Aus Sicht des Versicherungsunternehmens lohnt sich eine Vertriebskooperation mit einer Bank vor allem dann, wenn diese Bank über ein dichtes Filialnetz verfügt und somit dem Versicherer zusätzliche Kundennähe in der Fläche des Landes verschafft. Direktbanken ohne Filialnetz oder Spezialbanken wie etwa Exportbanken mjt Schwerpunkt auf der Finanzierung langfristiger Auslandsinvestitionen kommen hierfür eher nicht infrage.
Daneben ist zu bedenken, dass Banken in der Wahrnehmung ihrer Kunden primär der Geldanlage und Finanzierung dienen, weniger der Schadenvorsorge. Vertriebskooperationen mit Banken konzentrieren sich denn auch meist auf den Bereich der Personenversicherung und hier speziell auf die Altersvorsorge (kapitalbildende Lebensversicherungen und Rentenversicherungen). Meist beschränkt sich der Bankvertrieb von Versicherungsprodukten meist auf das Privatkundengeschäft.
In der Praxis fällt dem Bankmitarbeiter in vielen Fällen nicht die eigentliche Versicherungsberatung, sondern die Kontaktaufnahme zu potenziellen Versicherungskunden zu. Die Beratung findet zwar in einer Bankfiliale statt, wird aber durch Vertreter oder Mitarbeiter des Versicherungsunternehmens vorgenommen (Bankberater, Bankbetreuer etc.). In größeren Bankfilialen kann sich auch eine Geschäftsstelle eines kooperierenden Versicherers finden, die von einem Ausschließlichkeitsvertreter oder fest angestellten Mitarbeiter des Versicherungsunternehmens geführt wird. Speziell in diesem Fall ist es von großer Bedeutung, dass Bank und Versicherungsunternehmen eine einheitliche Kommunikationspolitik sicherstellen, zum Beispiel durch Entwicklung einer gemeinsamen Corporate Identity.

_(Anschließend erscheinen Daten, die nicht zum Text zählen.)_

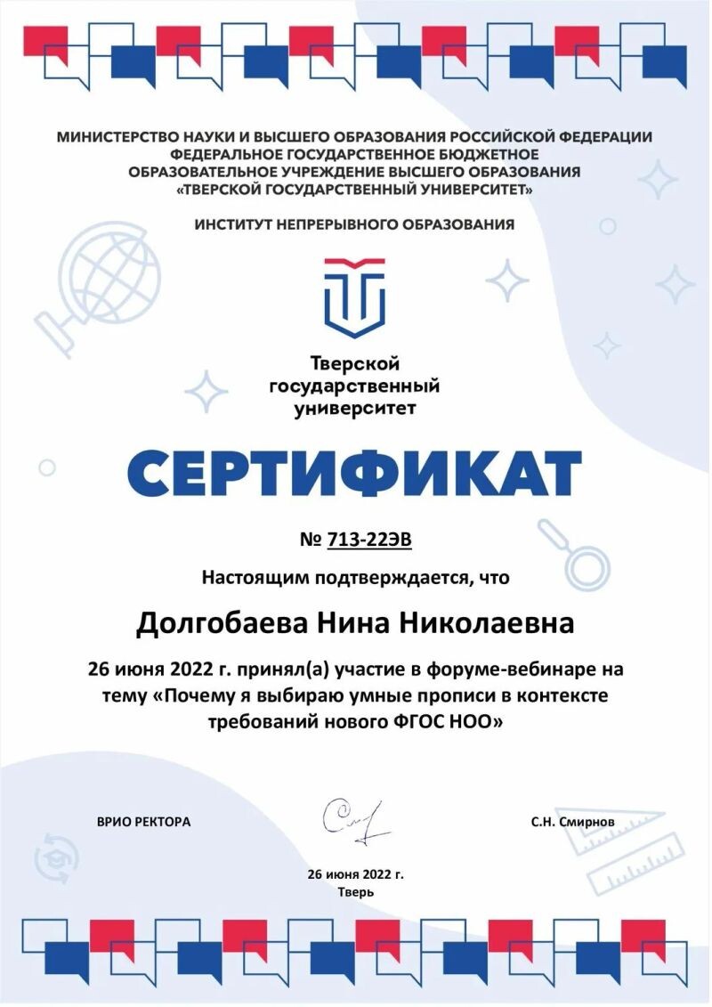- Сертификат участника вебинара, «Почему я выбираю умные прописи в контексте требований нового ФГОС НОО» (с 2022 г.).

Für den Versicherer bringt eine Bankenkooperation mehrere Vorteile. Neben der schon erwähnten größeren optischen Präsenz des Unternehmens in der Öffentlichkeit gehören hierzu vor allem Kostensynergien durch die gemeinsame Nutzung von Produktionsfaktoren sowie die gegenseitige Erschließung von Kundenpotenzialen, die den eigentlichen Kern des Allfinanzgedankens bildet.